Shadow of the Wind

Just another book recommendation. This one is called “The Shadow of the Wind” by a Spanish author, Carlos Ruiz Zafon. I read the English translation. This isn’t my usual genre and I picked up the novel because my brother recommended it from Malaysia. I enjoyed the book; its well worth a read. I can’t seem to categorize this book, it defies a label. Suspense/drama/romance/action; they’re all in there intrinsically.

The  book starts out with a father taking his ten year old son to a secret place called “the Cemetery of Forgotten Books”, a place where books go when they have been abandoned or lost. The boy, the main character, must select a book from the hundreds of thousands in the dark mystical place, adopt it and promise to make sure that it is not forgotten. The book the boy finally selects is called ‘the Shadow of the Wind’ written by an obscure author known to just a handful of people.

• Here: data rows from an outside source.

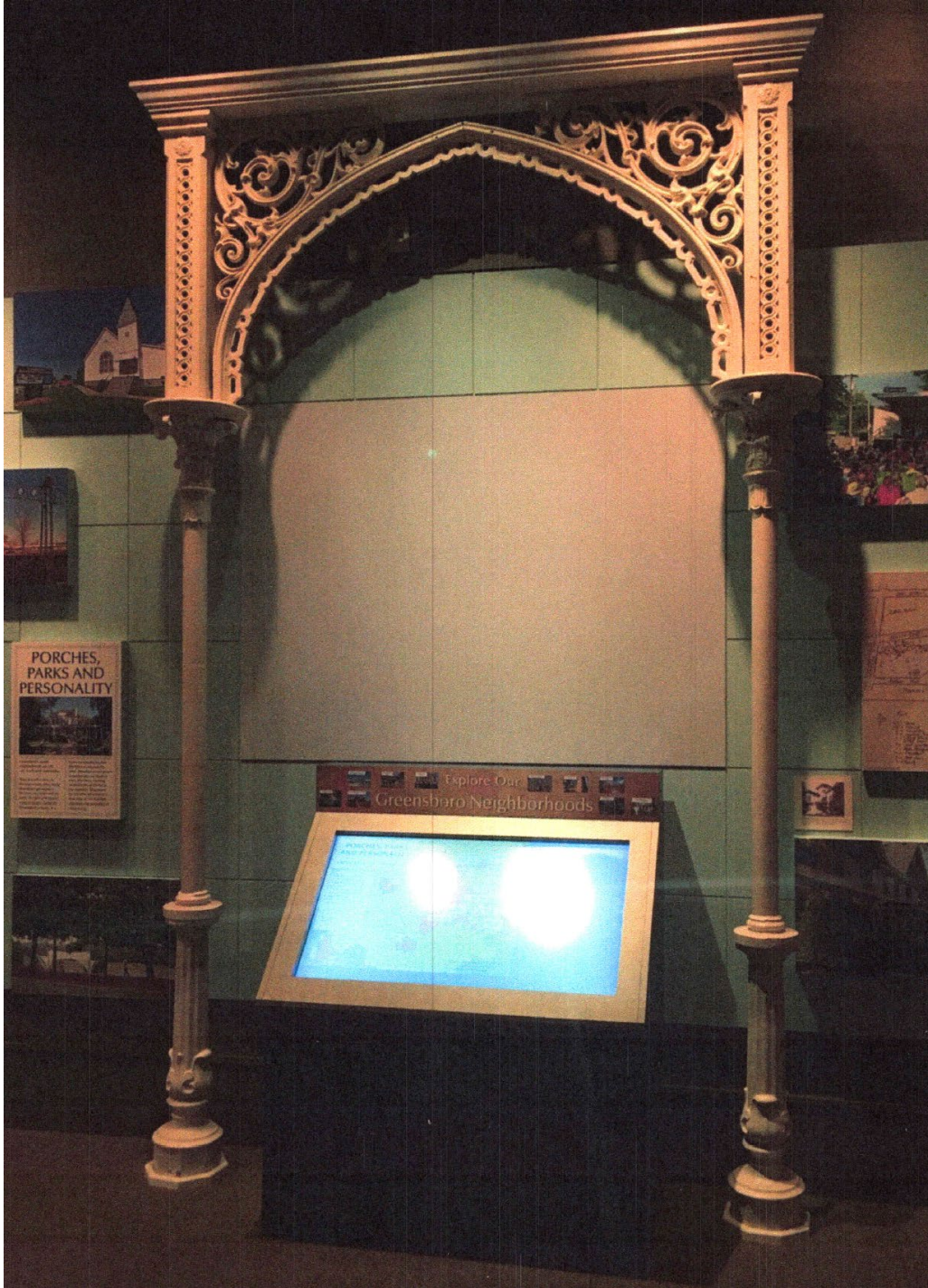
Photo 1: Dunleath Mansion Actual Ironwork - Greensboro Historical Museum
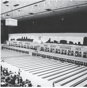
1972 Long Beach, Calif.
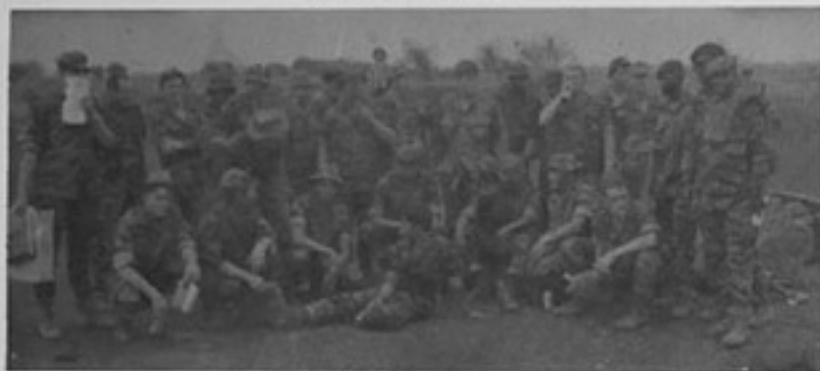
3RD PLATOON, E/20TH INF (LRP) APR 1968 GUY ON THE LEFT MUST BE CIA!
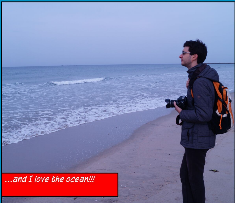
...and I love the ocean!!!
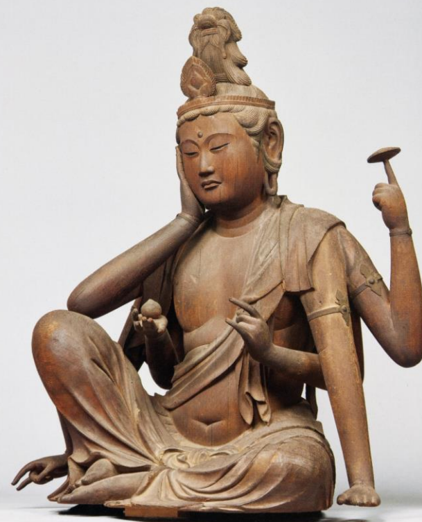
Nyoirin Kannon 如意輪観音 Wish-fulfilling Kannon Celestial Beings
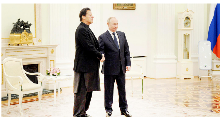
MOSCOW: Russian President Vladimir Putin received Pakistan Prime Minister Imran Khan.

MOSCOW: Prime Minister Imran Khan had a Summit meeting with President Vladimir V. Putin in the Kremlin, today. The two leaders held wide-ranging consultations on bilateral relations as well as regional and international issues of mutual interest. Recalling the telephone conversations during the recent months between the two leaders, the Prime Minister expressed confidence that the positive trajectory of bilateral relations will continue to move forward in the
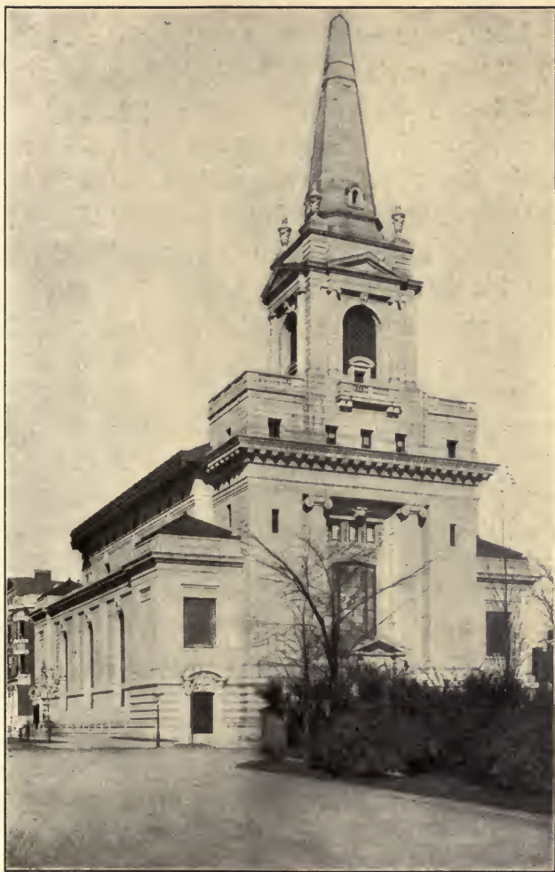
THE FIRST CHURCH OF CHRIST, SCIENTIST, CENTRAL PARK WEST AND 96TH STREET, NEW YORK
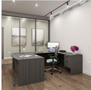
U Shaped Bow Front Desk with Suspended Pedestal – Samoa Gray
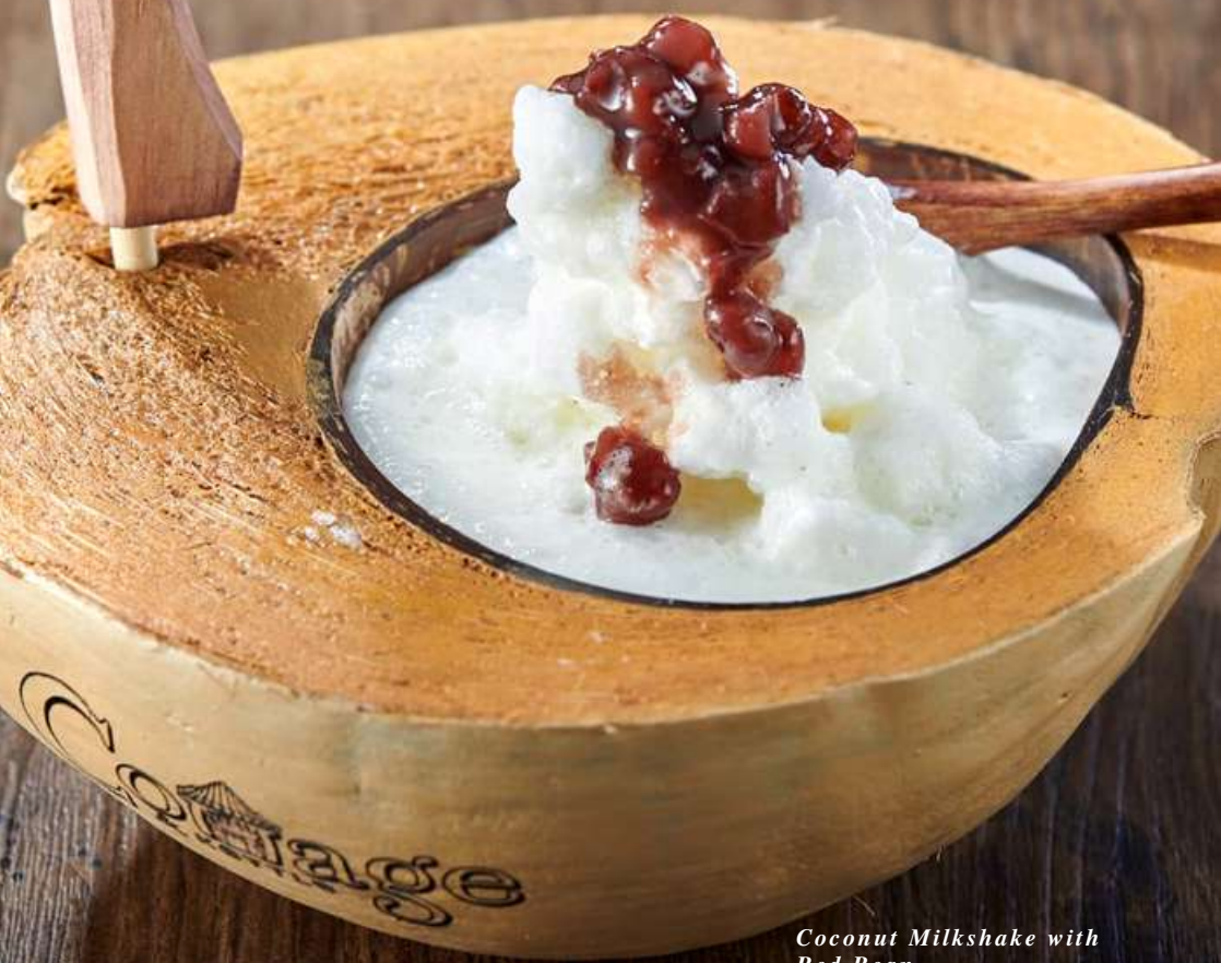
Coconut Milkshake with Red Bean
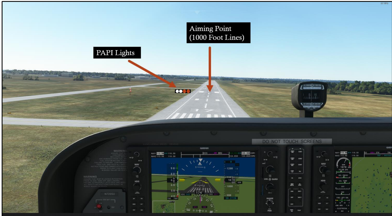
Figure 1. Added image to the orientation presentation. This image depicts the aircraft on a short final to land (Pearce, 2022) Microsoft Flight Simulator 2020

the aircraft’s control yoke (the yoke changes the angle of bank—the yoke is returned to center once the desired bank is achieved), shown in figure 2.
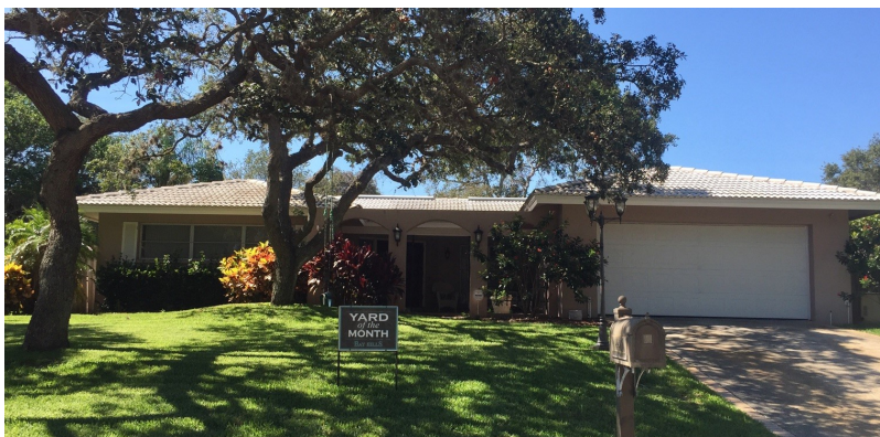
June Yard of the Month on Tanglewood Dr

Belated congratulations to all the Bay Hills grads and best wishes to all the Bay Hills dads. Hope your celebrations were joyful!
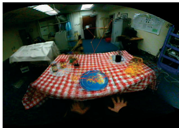
FIGURE 1 | The yellow circles show the fixations made while a subject makes a peanut butter and jelly sandwich. Views from a video camera mounted on the subject's head have been superimposed to make a composite mosaic to compensate for the subject's head movements during the task using the method described by Rothkopf & Pelz (2004). The diameter of the yellow circles indicates the duration of the fixations.

Thus, the basic structure of the task allows one to link the visual operations fairly closely in time with the occurrence of eye and hand movements. Not only is the sequence of fixations tightly linked to the task, but also many of the fixations appear to have the purpose of obtaining quite specific information. For example, subjects fixate the middle of the jar for grasping with the hand in a vertical posture and the rim for putting on the lid, with the hand in a horizontal posture. This suggests that the visual information being extracted
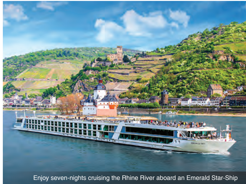
Enjoy seven-nights cruising the Rhine River aboard an Emerald Star-Ship

DAY 1 Depart the USA: Depart the USA on your overnight flight to Geneva, Switzerland.

The boy, Daniel, is so mesmerized when he reads this book that he sets out to discover its history and the life of its author. That’s when trouble starts; the more he discovers, the more terrifying and mysterious its author becomes. A character from the book, no less than Satan incarnate, comes alive and starts killing people when Daniel starts discovering the tragic life of its author and all those connected with him.

I was skeptical when I first picked it up but after reading just a few pages, I was hooked. I generally read two or three different books at the same time and switch between them as my mood dictates. But once I started reading this book, I laid all others aside till I finished it. A very powerful tale told with élan and impeccable style with just the right amount of humor to ease off the tension. But the book is not simple, a myriad of twist and turns of the plot and stories within stories keeps the reader hooked till the final conflict in the end. This book is set in the early and middle of the last century in Barcelona when there was always a shadow of war in the background – a civil war and then the second World War.

Zafon’s prose is both fluid and complex. You can see the images in full color in your mind when you read his words. You can also smell, taste and feel whatever he wants you to when you are in his world. Like many other great books I have read, this book is ultimately about the perpetual war between good and evil we all carry within ourselves with all the grays that form the fabric of our being. Its also about loss and redemption – of life, of love and of your soul. You get so lost in his world that you start comparing yourself and start taking sides of fictional characters in this book. It takes a lot of skill to weave a magic this personal through scribbles on a piece of paper and Zafon is an effortless weaver.

This is the first book I have read from this author and I am sure I will be reading a lot more of his work in the future. This one has far exceeded my expectations and I have no doubt that his future work will be just as impressive if not more. It’s a rare talent that can leave such a profound impression from a mere translation.